Acta Chimica Sinica ›› 2013, Vol. 71 ›› Issue (12): 1625-1632.DOI: 10.6023/A13070738 Previous Articles     Next Articles



欧阳永中a, 李操a, 周亚飞a, 周振b   

  1. a 东华理工大学江西省质谱科学与仪器重点实验室 南昌 330013;
    b 上海大学环境污染与健康研究所 上海 200444
  • 投稿日期:2013-07-14 发布日期:2013-10-02
  • 通讯作者: 李操
  • 基金资助:

    项目受国家杰出青年科学基金(No. 21225522)、国家自然科学基金(No. 21265001)、江西省科技支撑计划(No. 2010BNB00900,20113BCB24024)和南昌市2012年科技计划项目(No. 2012-sys-003)资助.

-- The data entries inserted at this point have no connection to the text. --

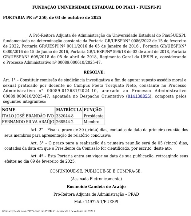 A sindicância foi oficializada por meio da Portaria nº 250, datada de 3 de outubro de 2025, e publicada no Diário Oficial do Estado na segunda-feira (6). O documento determina a criação de uma comissão de sindicância composta por dois servidores da Fundação Universidade Estadual do Piauí (FUESPI), que serão responsáveis por conduzir a investigação.
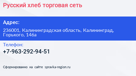 Русский хлеб, торговая сеть по адресу 236001, Калининградская область, Калининград, Горького, 146а в дальнейшем Организация, размещена в следующих категориях:
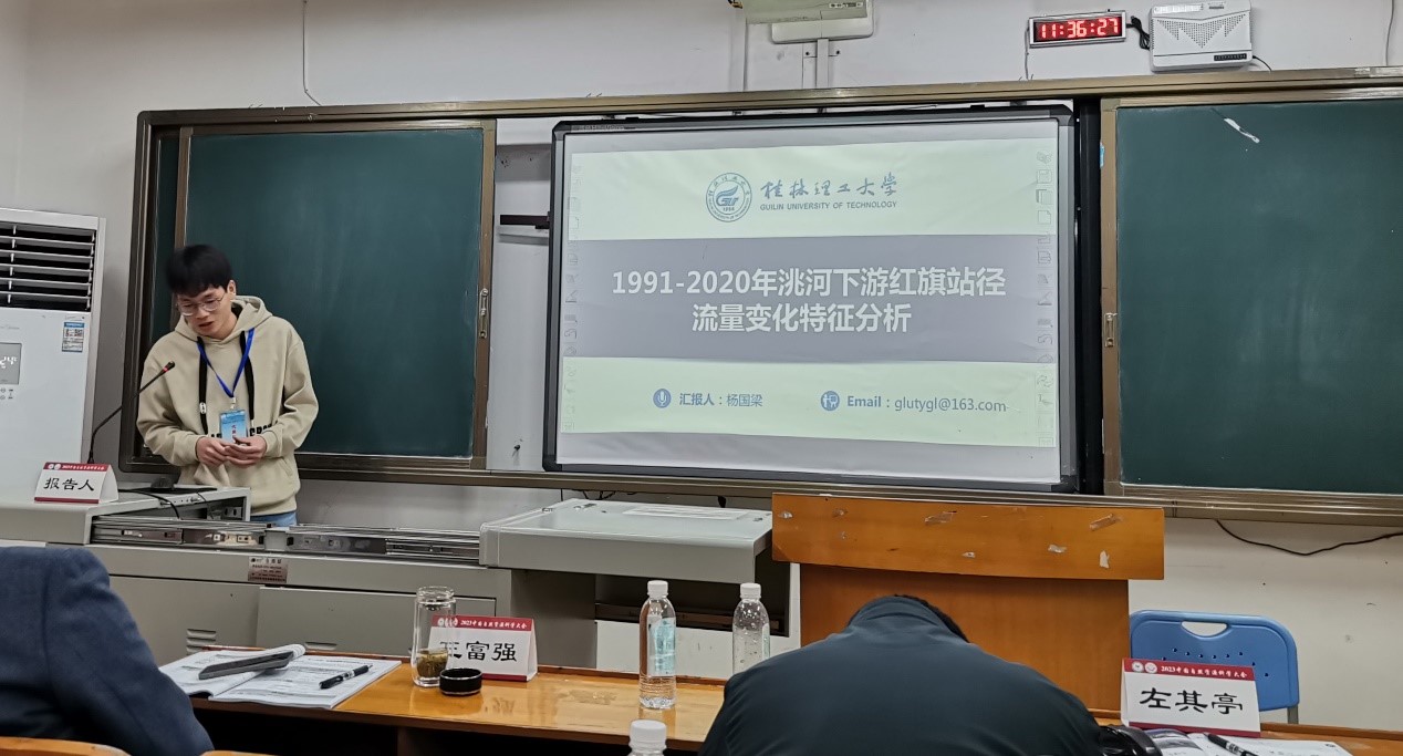 教师徐保利副教授作《会仙湿地生态需水量及补水研究》的报告、研究生杨国梁作《1991-2020年洮河下游红旗站径流量变化特征分析》的报告,向与会人员介绍和分享在湿地生态水文、流域水资源演变等方面的研究,并和与会的水资源领域专家交流。
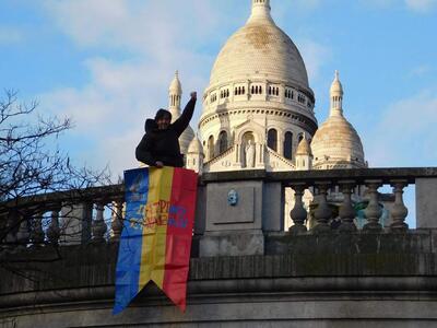 "Η σημαία αυτή βρίσκεται στο δωμάτιό μου στη Μονμάρτη και φέτος για πρώτη φορά βγήκα με αυτή έξω. Μέσα από αυτή την κίνηση ήθελα να δείξω στους δικούς μου ανθρώπους πως αυτό που αγαπάμε μπορούμε να το φυλάμε πάντα μέσα μας, κι ας είμαστε μακριά.

Rapid Analysis of Adulterated Chinese Liquor by Extractive Electrospray Ionization Mass Spectrometry

Ouyang Yongzhonga, Li Caoa, Zhou Yafeia, Zhou Zhenb   

  1. a Jiangxi Key Laboratory for Mass Spectrometry and Instrumentation, East China Institute of Technology, Nanchang 330013;
    b Institute of Environmental Pollution and Health, Shanghai University, Shanghai 200444
  • Received:2013-07-14 Published:2013-10-02
  • Supported by:

    Project supported by the National Science Fund for Distinguished Young Scholars (No. 21225522), Natural Science Foundation of China (No. 21265001), Jiangxi Science & Technology Pillar Program (No. 2010BNB00900, 20113BCB24024) and Nanchang Science & Technology Program of Jiangxi Province in 2012 (No. 2012-sys-003).

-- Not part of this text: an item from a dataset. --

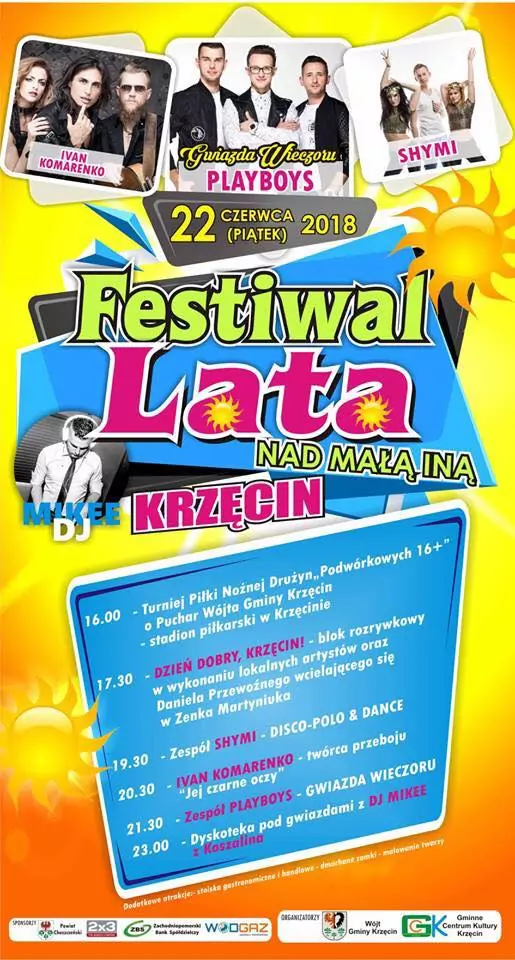 Strona główna › Koncerty › Festiwal Lata Krzęcin 2018 Koncert Festiwal Lata Krzęcin 2018 Piątek, 22 czerwca 2018 Krzęcin Zobacz plakat Miejsce Krzęcin Data Piątek, 22 czerwca 2018 Udostępnij Reklama Inne koncerty Wszystkie → Wielkanoc 2026 w Club Scorpio 05.04.2026 Wnory Wiechy Topky - Gorzko Gorzko Gdańsk 17.04.2026 Gdańsk Disco nad Czosem 3 19.06.2026 Mrągowo Kielecka Gala Disco Polo 2026 19.06.2026 Amfiteatr Kadzielnia - Kielce

A novel analytical platform based on a home-made extractive electrospray ionization (EESI) source coupled with LTQ-XL mass spectrometer has been developed for fast and accurate identification of eight different kinds of adulterated Chinese liquors such as Maotai. Alcohol concentration in each liquor sample was measured by an alcohol meter and was adjusted to the same value by adding water and industrial alcohol. Measurements were done in positive ion detection mode under optimized experimental conditions. The ESI voltage was set to +4 kV, the pressure of the sheath gas (N2) was 1.2 MPa, the temperature of the heated capillary was set to 150 ℃, and the primary ions were created by electrospraying methanol/water/acetic acid mixture (4:4:2, V:V:V) at 5 μL·min-1. Normalized mass spectra of authentic and counterfeit liquors were differentiated by principal component analysis (PCA). Reproducibility of the method was characterized by cluster analysis (CA). Several constituents of liquor vapor were identified by tandem mass spectrometry (MS/MS). To perform MS/MS experiments, ions of interest were isolated with a mass-to-charge window width of 1.4 u. and then subjected to collision-induced dissociation (CID) with 16%~24% collision energy for 30 ms. The analysis time for a single sample was less than 1 min. The accuracy of identification predicted by PCA was 96.5%. The feasibility of this method was verified by testing several unknown samples. In addition to EESI-LTQ-MS, volatile compounds in Maotai vapor were also studied by single photon ionization time-of-flight mass spectrometry (SPI-TOF-MS), and molecular fingerprints obtained by these two methods were compared. These two detection means showed their respectively outstanding advantages and synergy for the analysis of volatile organic compounds (VOCs). The introduced method provides an important tool for the quality control of alcoholic beverages with high speed and simplicity of analysis on the market.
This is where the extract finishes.